Certains hommes, en quête de terres reculées, ont cherché toute leurs vies à travers les mers, les montagnes, les pleines ; une rencontre avec eux-mêmes. Cela semble évident en regardant un globe, la Patagonie pourrait bien être le dernier refuge, pour tous ces hommes à la recherche d’un exile intérieur.

Ce territoire éloigné de tous les autres, situé au Sud du 40e parallèle Sud, entre les 65e et 75e méridiens Ouest, a la chance de jouir de conditions climatiques extrêmes pour freiner l’appétit des hommes.

C’est un peu le jardin d’Éden de notre planète. Tout abonde ou presque. Se trouvent ici les plus grandes réserves d’eau douce du monde, des gisements de pétrole et des grandes réserves de gaz. La Patagonie offre des paysages exceptionnels de montagnes couvertes de glaciers, de steppes, de forêts de résineux et de lacs, tandis que le littoral déchiqueté est composé d’une multitude de fjords, de baies et de détroits impressionnants.

Troupeaux de moutons en Patagonie

Au fond des vallées sont installées des estancias, elles s’étendent sur des milliers d’hectares.

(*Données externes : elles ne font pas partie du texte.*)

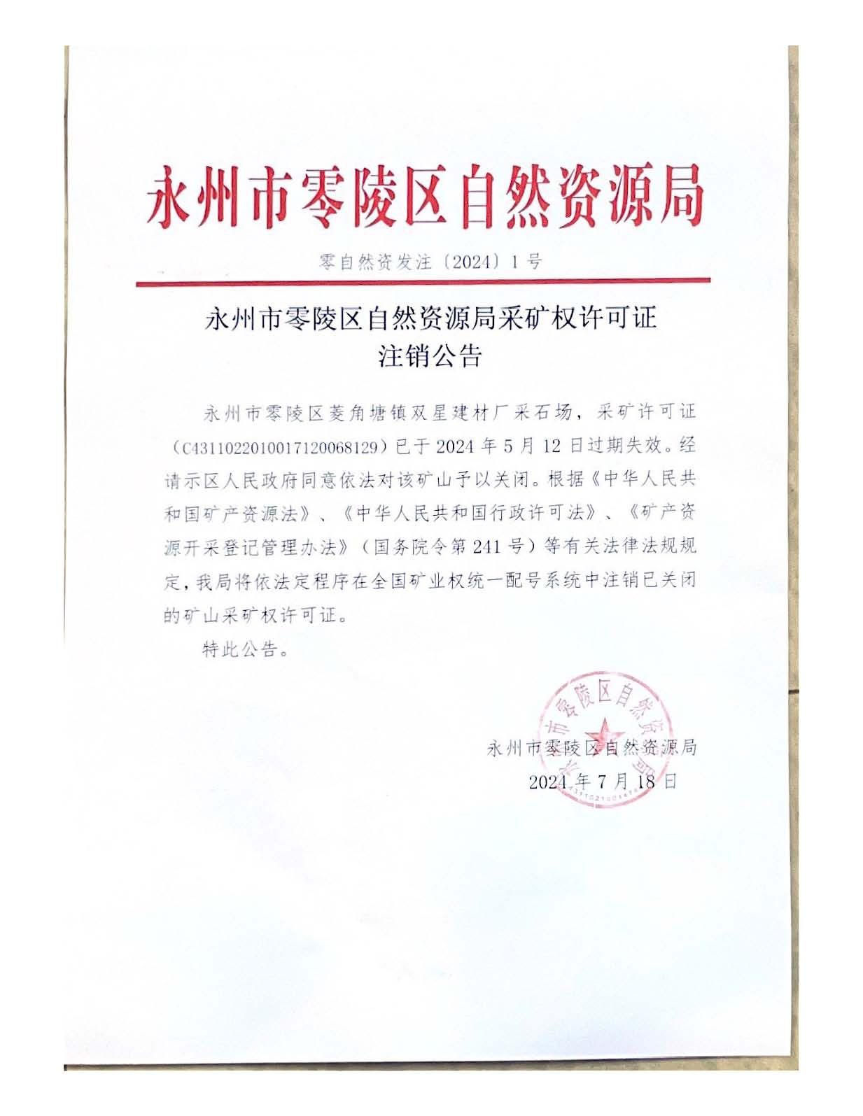 关于零陵区菱角塘镇双星建材厂采石场采矿权许可证注销的公告

Le bétail s’y promène en quasi-liberté, il est réuni une fois par an – les moutons pour la tonte et les vaches pour procéder au marquage des veaux – Entre ces îlots de vie, il n’y a rien.

La Patagonie c’est également et surtout le dernier refuge pour de nombreuses espèces animales :

  • Le condor, roi des Andes, qui plane comme un éclaireur au-dessus des pics de la cordillère et scrutant les grands espaces. Il est l’oiseau le plus grand du monde.
  • Les baleines, qui à elles seules, sont le symbole de la vie animale ; les baleines à bosse dans les eaux du détroit de Magellan, de la terre de Feu, de l’Antarctique ; les baleines franches australes que l’on peut observer si facilement sur les côtes de la Péninsule Valdes ; les baleines bleues, qui se plaisent dans les eaux du Pacifique au Sud de l’Île de Chiloé.
  • Tout en haut de la chaîne alimentaire, les orques, que l’on peut apercevoir en chasse des proies désorientées.
  • Et enfin, le Puma, félin furtif et solitaire, qui est si difficile à observer.

Mais la Patagonie fut de tous temps le refuge pour des bandits de grands chemins, des parias en tout genre, des hauts responsables nazis, des politiques corrompus, mais aussi pour des rêveurs illuminés comme Antoine de Tounens, des millions d’immigrés Européens, des gauchos esseulés, des écrivains, des explorateurs, une multitude d’inconnus en manque d’authenticité et fuyant le conformisme, et j’en passe…

La Patagonie, le dernier refuge

L’écrivain chilien Francisco Coloane écrivait : « Tout, ici, semble mort, on dirait la naissance ou la limite d’une planète inconnue ».

J’ai la chance de vivre ici, en Patagonie, mon ultime refuge, en contact permanent avec Dame Nature, au milieu des éléments, en harmonie avec les sens… Tel un homme sauvage dans la nuit des temps.